With a career spanning startups to Fortune 50 companies, Michael has built, led, and remediated global Quality Management Systems (QMS) in accordance with FDA, EMA, ISO 13485, EU MDR 2017/745, and other international standards. His work has involved everything from consent decree remediation and 510(k) and PMA submissions to combination product development and multinational regulatory filings across Japan, Brazil, Canada, Mexico, and the EU. He is also highly skilled in the development and implementation of strategies for software validation, design controls, risk management, and human factors engineering, with particular expertise in SaMD and AI/ML technologies.

Michael’s technical acumen is complemented by a solid foundation in operational and financial management. He holds a master’s degree in Operational Planning and Management from the University of Pennsylvania—an interdisciplinary program shaped by Penn Engineering, the Wharton School, and the Carey School of Law. This combination of technical and business education enables him to translate complex regulatory and quality requirements into language and strategies that resonate across executive, engineering, and operational teams. He has become known for his unique ability to bridge silos within organizations, fostering collaboration between departments and aligning compliance efforts with core business objectives.

Over the course of his consulting career, Michael has been tapped to lead major projects for some of the most recognizable names in the healthcare and life sciences sectors. He has served as the quality and regulatory lead in divestitures, supported FDA inspections, developed global quality policies, and helped emerging companies establish their first QMS from the ground up. He frequently delivers presentations internally and externally on regulatory topics, though most of his work remains proprietary and confidential due to the sensitive nature of his engagements.

Michael has also served on several boards and advisory roles, including the NIH Advisory Board at the University of Idaho, and previously sat on the board of a construction management company. From 1990 to 1999, he served as founder and board member of his own enterprise, gaining first-hand experience in entrepreneurship and corporate governance. These roles, combined with his deep regulatory knowledge, make him an ideal candidate for board service in organizations seeking seasoned guidance on compliance strategy, risk mitigation, and quality oversight.

Now actively seeking board opportunities, Michael views board service as the natural next step in his career following decades of consulting and executive leadership. He is driven by a belief that quality and regulatory transparency must be embedded within the business model—not treated as parallel tracks. With his combination of technical rigor, business insight, and global perspective, Michael brings a rare blend of capabilities that can help organizations navigate complex regulatory landscapes while staying focused on innovation and growth.

His professional philosophy is best captured by his personal mantra:
“Quality is when the customer returns and the product does not.”

Michael is based in Salem, New Hampshire, and remains actively engaged in supporting companies operating at the front lines of healthcare innovation.

Character: Michael Pereira is a principled leader who operates with integrity, accountability, and a steadfast commitment to regulatory excellence.

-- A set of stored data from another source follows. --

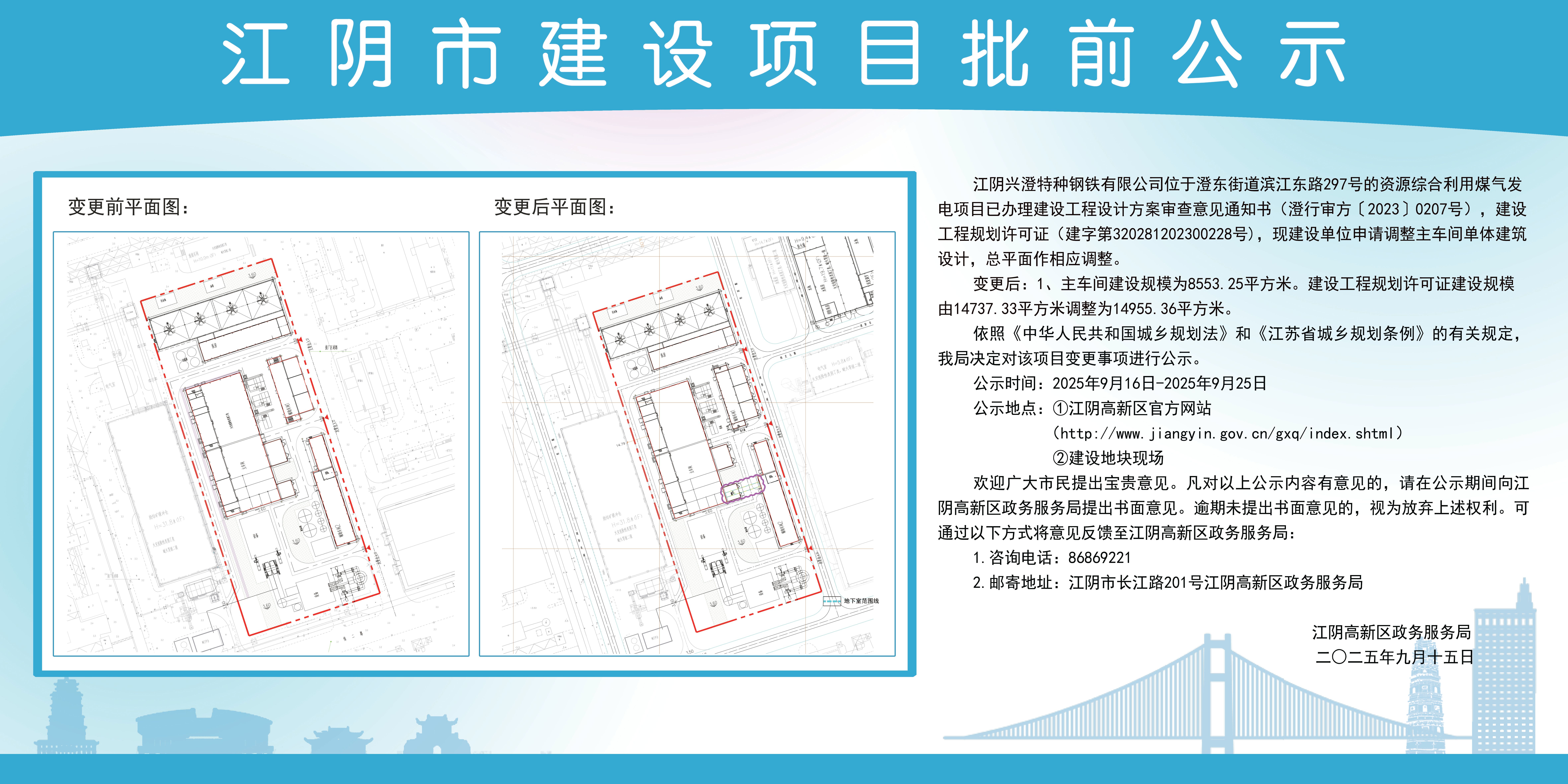 江陰興澄特種鋼鐵有限公司的資源綜合利用煤氣發(fā)電項(xiàng)目方案變更批前公示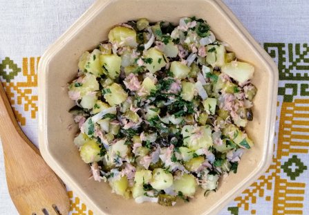 Sałatka z tuńczykiem z puszki, ziemniakami i kiszonym ogórkiem to danie, które często kojarzy się z domową kuchnią i prostotą. Łączy składniki łatwo dostępne, a jednocześnie sycące i wyraziste w smaku. Delikatny tuńczyk dobrze komponuje się z miękkimi ziemniakami i charakterystyczną kwasowością ogórków kiszonych. To propozycja idealna na szybką kolację, lunch do pracy albo poczęstunek dla gości. Sałatkę przygotowujemy bez pośpiechu, bo najlepiej smakuje po krótkim schłodzeniu.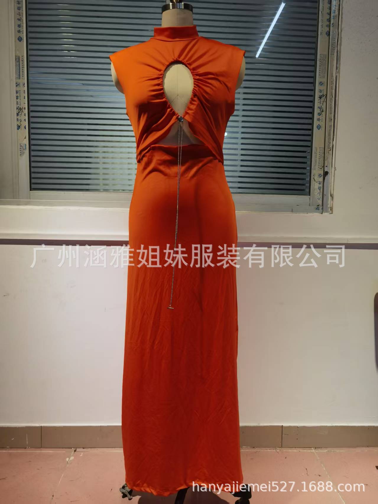 ヨーロッパとアメリカンスタイルのクロスボーダーレディース2025春夏新作セレブ無地レースアップホルターネック中空スリムドレス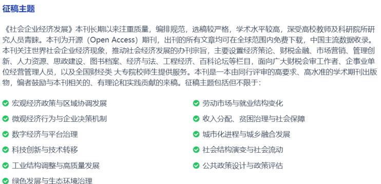 期刊名稱:社會企業(yè)經(jīng)濟發(fā)展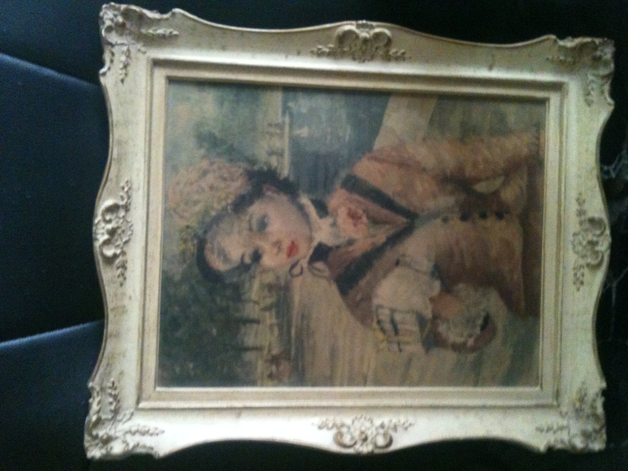 In Central Park V.2313-771 painting with Huldah signature on the bottom right hand side. With a stamp of Windsor Mode styled by Illinois MLDG CO. Chicago 8 Ill. Made in USA.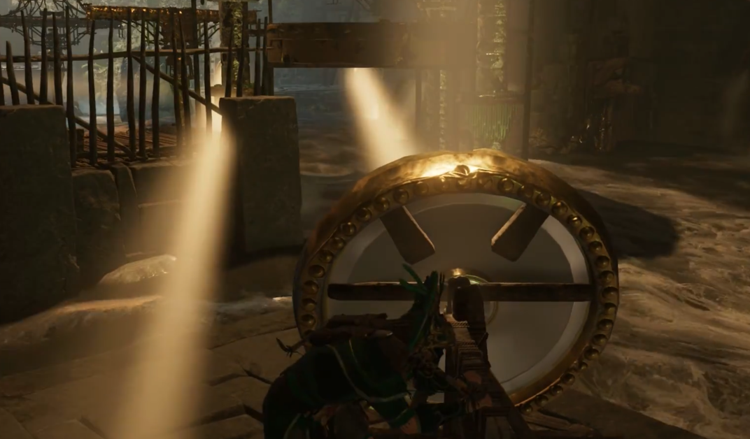 太阳神庙的镜子谜题要转动四面镜子反射阳光,先操作1号镜子左转对准绿色标记,再爬到2号平台调整角度。中间平台下降后,记得用绳索箭矢连接摇摆的垃圾堆,借助风力撞击障碍物开路。审判凝视古墓的梯子谜题分三步:拉动滑车升起重物,连接小神像与梯子左侧,最后用自身重量降下重物让梯子完全立起。

Knowledge: With over 30 years of experience, Michael possesses deep expertise in FDA compliance, global regulatory strategy, and quality systems for drug, device, and biologic products.

Strategic: He consistently aligns quality and regulatory functions with broader business goals, offering strategic insight that drives both compliance and competitive advantage.

Communication: Michael excels at translating complex technical and regulatory language into actionable business terms, fostering collaboration across cross-functional teams and executive leadership.